# collar staining white dog hair



## CFGD

for the white dog owners and especially white/white neck apbt owners,do yall ever have problems with collars staining/discoloring dogs necks?and what you use to remove?i wash with dawn det.but no luck.my white and blue pup's neck has a rusty colered ring around it and i hate it!oddly ive only had this problem with my dogs that are mostly white,not with the solid w/white chests.just lookin for somethin to get the stain off.


----------



## CFGD

and yes she must keep a collar on


----------



## johnbanks63

Use a grainy product like powder det. just make sure to rub it in real good the hair is stained so its not going to come out quick. Leather collars did same thing to mine switched to plastic collars.


----------



## GA DAWG

What kind of collars you using? A dayglow collar want stain ones neck.


----------



## CFGD

ive tried leather and nylon..same result..ill try dayglow,thanks


----------



## Capt Quirk

This is why I like dark colored dogs, they don't stain as easily...


----------



## ArmyTaco

Day glow is where its at. Can get a nice nameplate on them as well for under $10


----------



## opie44

I have a solid white boxer..He has a red collar from walmart(cant remember the brand) He has never had a stain from it...


----------



## game dog

samson has the same problem.
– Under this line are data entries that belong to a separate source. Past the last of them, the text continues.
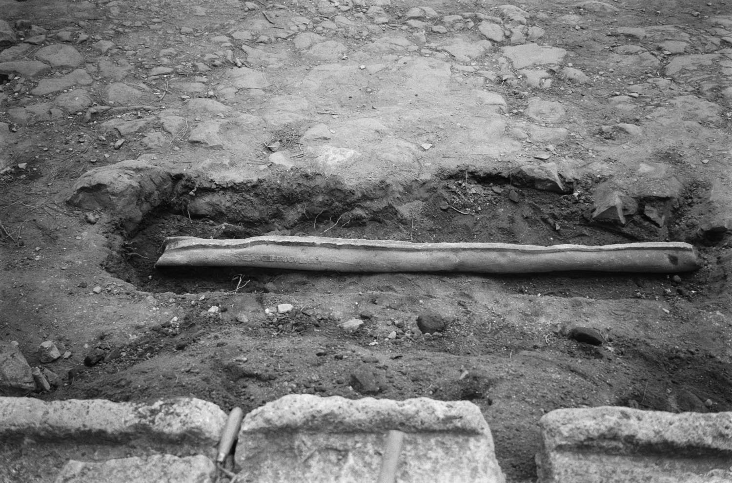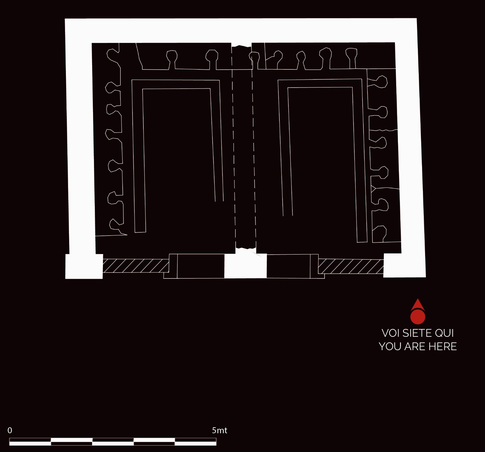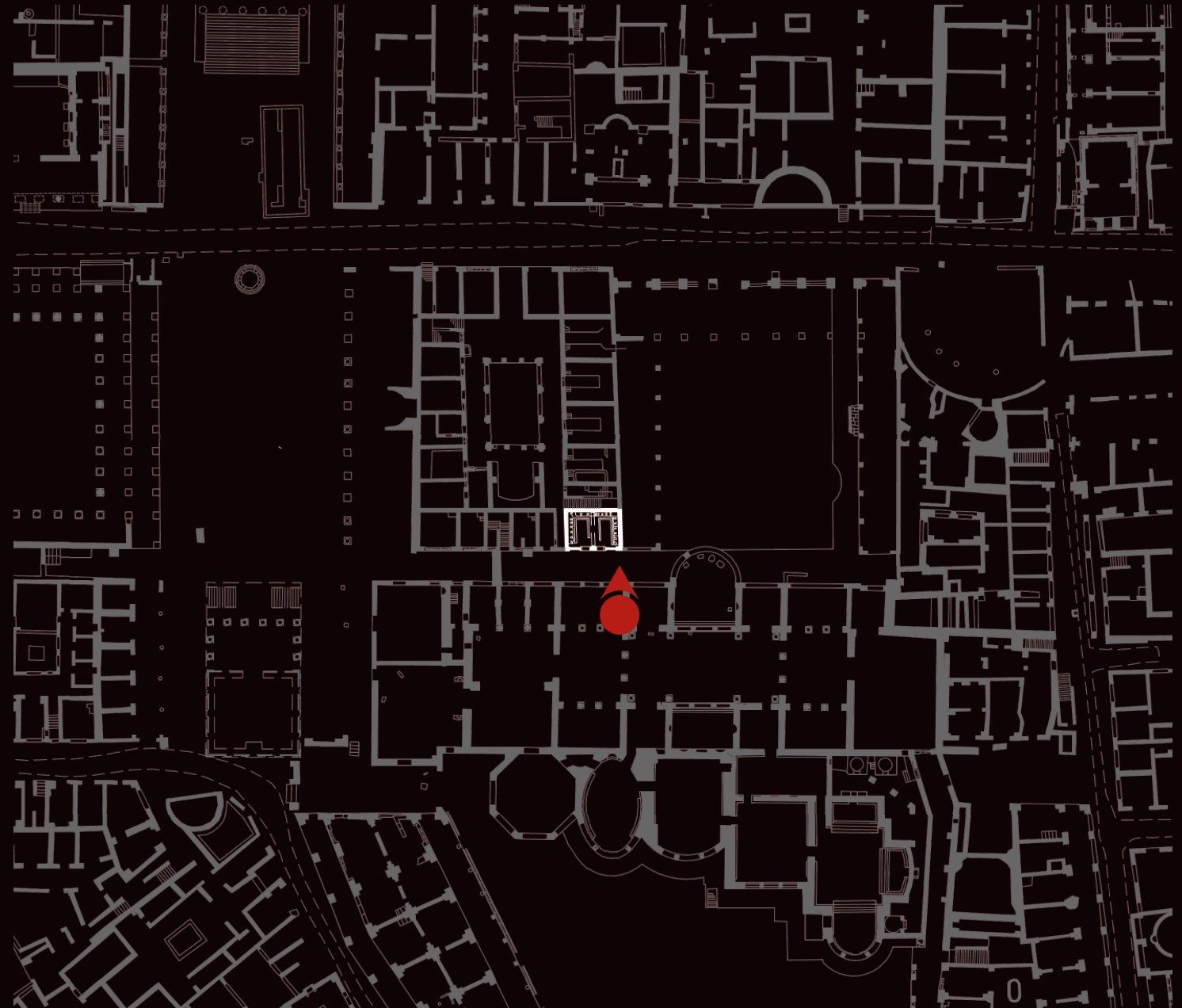 The latrine, one of the best preserved in Ostia, was built inside two shops of the Hadrianic period (AD 117-138). Its current appearance dates to the 4th century AD, as is evident from the presence of reused marble slabs, including some with inscriptions, from earlier abandoned buildings. It preserves a row of twenty marble seats with holes at the centre running around three sides; beneath was a channel along which the water drained away. On the fourth side, the room had a wash basin set against a pillar separating the two entrances: these had revolving doors, as we know from the presence of holes in the marble thresholds that served to hold them in place.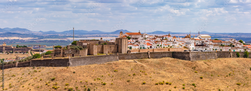 Panorama of the castle fortress and ramparts of the historic town of Elvas, Alentejo, southeastern Portugal
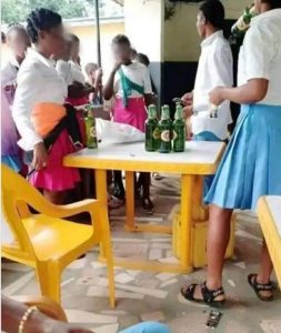Photos posted online have shown some Secondary School students celebrating the end of their WAEC examinations in a beer parlour in Uyo, the Akwa Ibom state capital.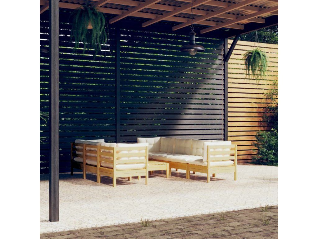 8dílná zahradní souprava krémové podušky masivní borovice 3096160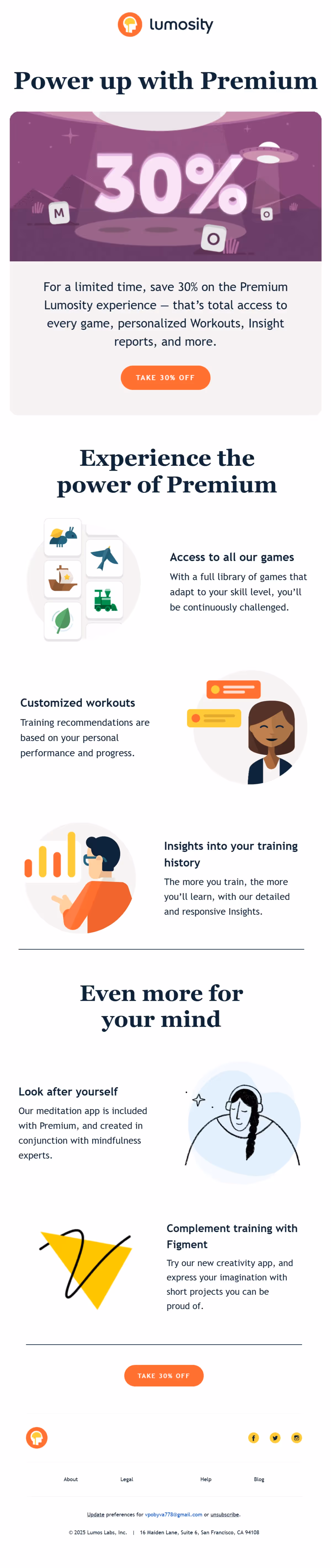 Lumosity: Brain Training Email Flow Screens

He has a leather one too.


----------



## Gabby

Ramfreak,  You might want to look at this site.  I am going to get some more stuff from him in the future if I can get him to make a heavy duty collar and leash to my specifications.
http://www.survivalstraps.com/
Gabby


----------



## CFGD

hey josh,sprayed some shout on there and scrubbed with a brush,came out...


----------